End of Term

The Supreme Court picked up the pace this week, issuing nine opinions over two days.  At this point, the next opinion day is Wednesday.  As there are at least twelve opinions left, there is a good chance that Thursday and Friday will be added.

This week’s opinions included the last opinion from November which, as expected, went to Chief Justice Roberts.  Justice Kavanaugh had a December opinion which, as noted last week seemed to be the most likely. outcome in terms of which justice would join Justice Gorsuch and Chief Justice Roberts on the final three cases from December.  The other two cases — Purdue Pharma and Jarkesy — will more likely than not be authored by Justice Gorsuch and Chief Justice Roberts.

For January, as predicted last week, Justice Kagan had the opinion in the Confrontation Clause case leaving only the two Chevron deference cases.  It seems highly likely that there will be one opinion authored by Chief Justice Roberts or a lead opinion authored by the Chief Justice and a brief unsigned per curiam opinion in the other case.

We did not get any opinions from the February arguments this week.  As such, it is still highly likely that we are getting one opinion from Justice Alito, one opinion from Justice Gorsuch, and one opinion from Justice Barrett.  If the two social media cases are split, anything is possible.

March became somewhat less clear this week.  One of the cases had a per curiam opinion.  Given that there are eleven cases from March, and two justices already have a second opinion, that means that one justice will not have an opinion from March — Murthy, the case involving government pressure on social media companies.  The two justices without an opinion are Justice Alito and Justice Barrett.  My hunch is that the case with the per curiam opinion was originally assigned to Justice Alito but that he could not get a consensus behind his preferred opinion.  So instead, the opinion of the court became a per curiam opinion, and he issued a concurring opinion to cover what he was forced to remove from the per curiam opinion.  If my hunch is right, that leaves Justice Barrett with Murthy.  That is probably a good sign as Justice Barrett has been more of a traditional conservative compared to Justice Alito’s more partisan approach in recent years.

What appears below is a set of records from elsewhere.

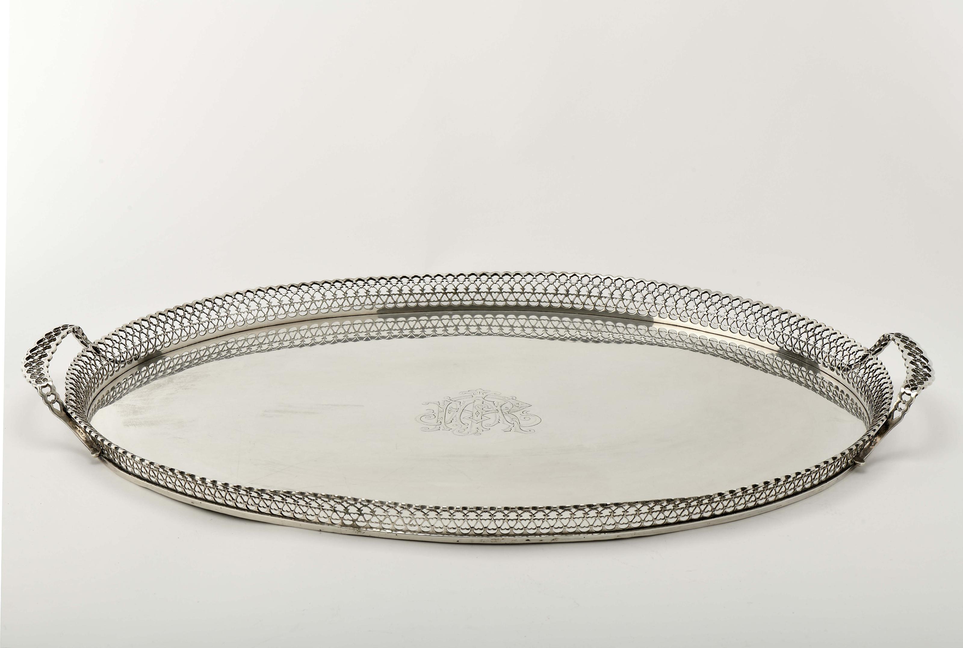Bandeja oval de gradinha com duas pegas D. Maria I (1777-1816) prata de 854/1000 fundo gravado com monograma RAJ Portuguesa fundo com marca de ensaiador do Porto (1810-1839) e marca de ourives atribuível a Pedro José Ferreira (1812-1843), gradinha com marca de ensaiador de Lisboa (1822-1860) e marca de ourives atribuível a João Ramos Ortiz (1810-1879) Dimensões (altura x comprimento x largura) - 6 x 82 x 55,5 cm; Peso - 5.683 g. Notas: vd. ALMEIDA, Fernando Moitinho de; CARLOS, Rita - "Inventário de Marcas de Pratas Portuguesas e Brasileiras - Século XV a 1887". Lisboa: IN-CM, 2018, P-28, P-546, L-42 e L-445.
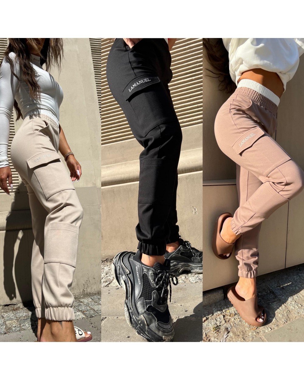 Stylowe bojówki damskie z intrygującym akcentem – podwójną gumą z przodu. To niezwykłe połączenie wygody, funkcjonalności i modnego designu, które dodadzą charakteru Twojej garderobie. Bojówki zostały wykonane materiałów, które nie tylko zapewniają komfort podczas noszenia, ale także idealne dopasowanie do sylwetki. Te bojówki to idealny wybór dla kobiet, które pragną wyrazić swoją indywidualność poprzez modę.
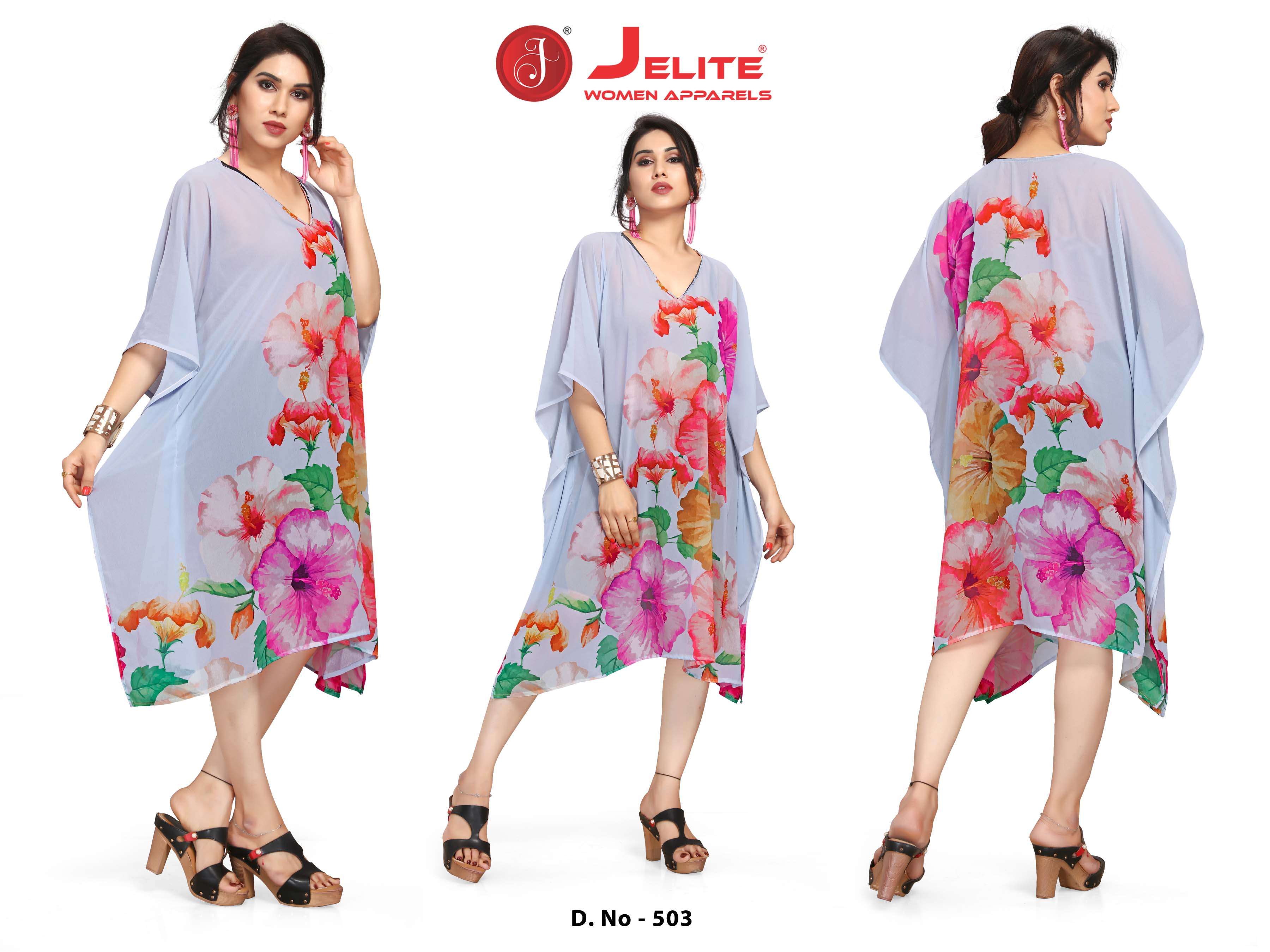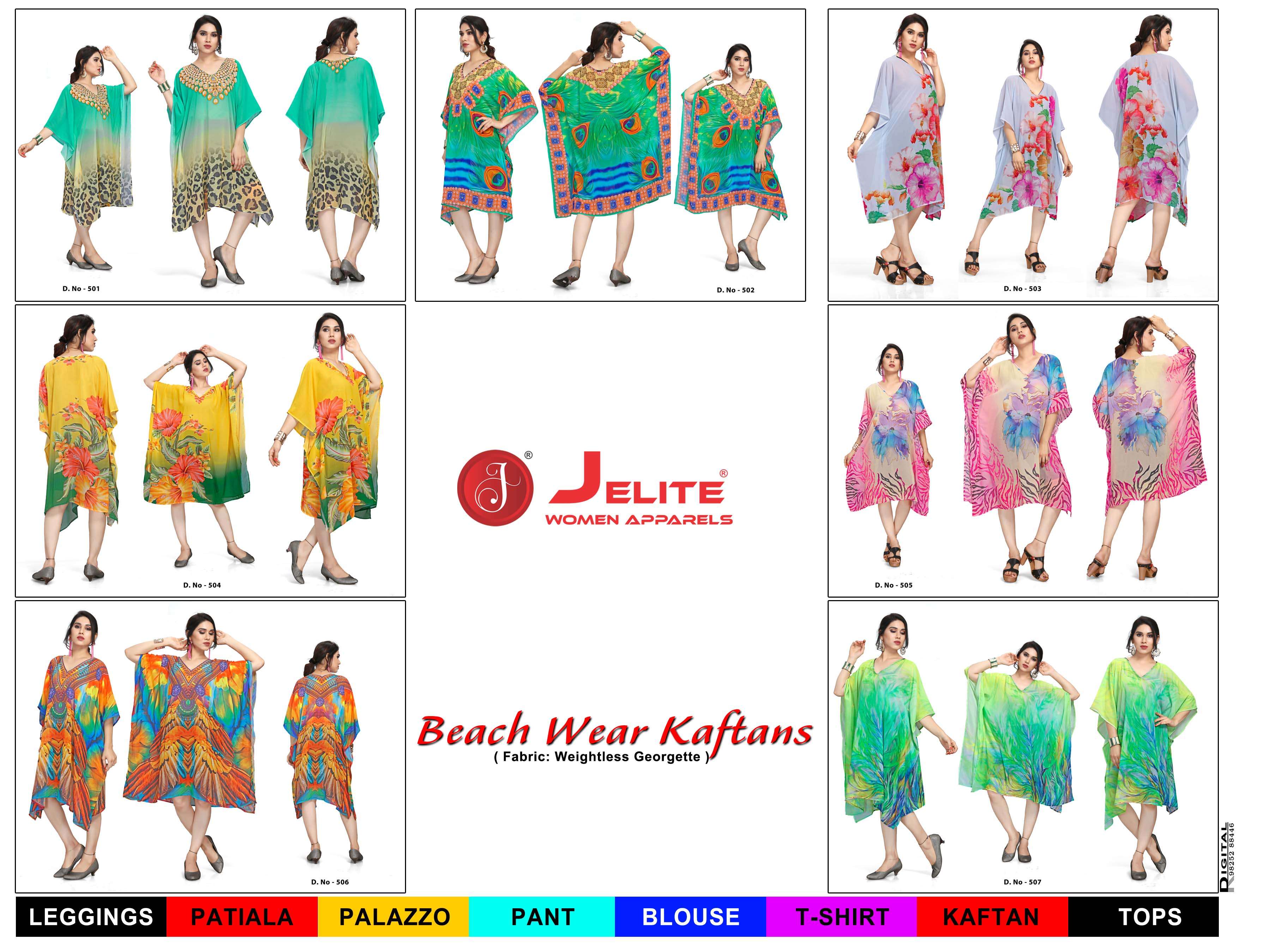 | Other Details | Jelite Presents Beachwear Kaftans Pretty, hot and tempting just how you want to look like on your Casual Days. Casual or vacation style, we have got you covered as Jelite presents Digitally Printed Beachwear Kaftans. It's time to pamper yourself in our contemporary Kaftan collection to keep you comfortable and going all day. Size - Free Size (Fits M to 4Xl) Length : 39 - 40" Fabric - Weightless Georgette Style : Digitally Printed A set of 7 beautiful designs |
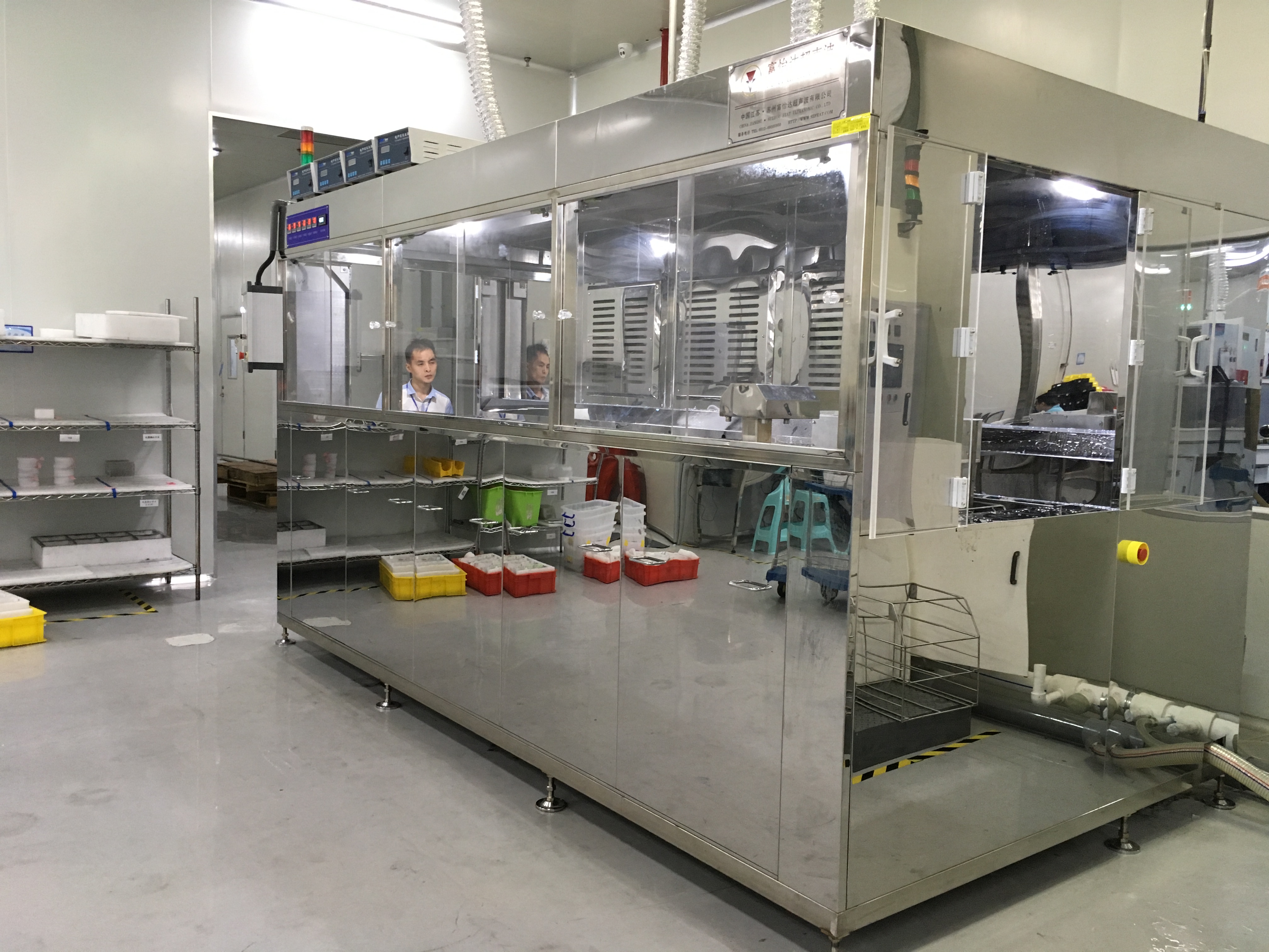 富一達擁有清洗工藝驗收實驗室,配置有28KHZ、40KHZ、80KHZ、120KHZ、200KHZ等不同頻率的超聲波清洗設備、噴淋清洗設備、熱風(遠紅外)干燥設備、真空干燥設備。可根據用戶不同要求做工藝驗證試驗,后期富怡達還會增加無法潔凈室,并配套清潔度檢測設備。

That leaves April.  April is still unclear.  There are five cases left and four justices without an opinion — Chief Justice Roberts, Justice Gorsuch, Justice Kavanaugh, and Justice Jackson.  The fifth case could go to anybody other than Justice Thomas and Justice Sotomayor.  There is a chance that the immunity case will be a per curiam opinion.  The interesting thing is that Justice Jackson is in the mix.  None of the cases left are ones that have an obvious “liberal” result.  Besides the presidential immunity case, we have a case about the federal bribery statute (and the Supreme Court has been trying to narrow the scope of that statute recently), the January 6 case, a case on criminalizing homelessness, and a case about the interplay between Idaho’s restrictive abortion law and the federal law requiring hospitals to provide emergency care.

Between now and Wednesday, there will be posts about this week’s decisions.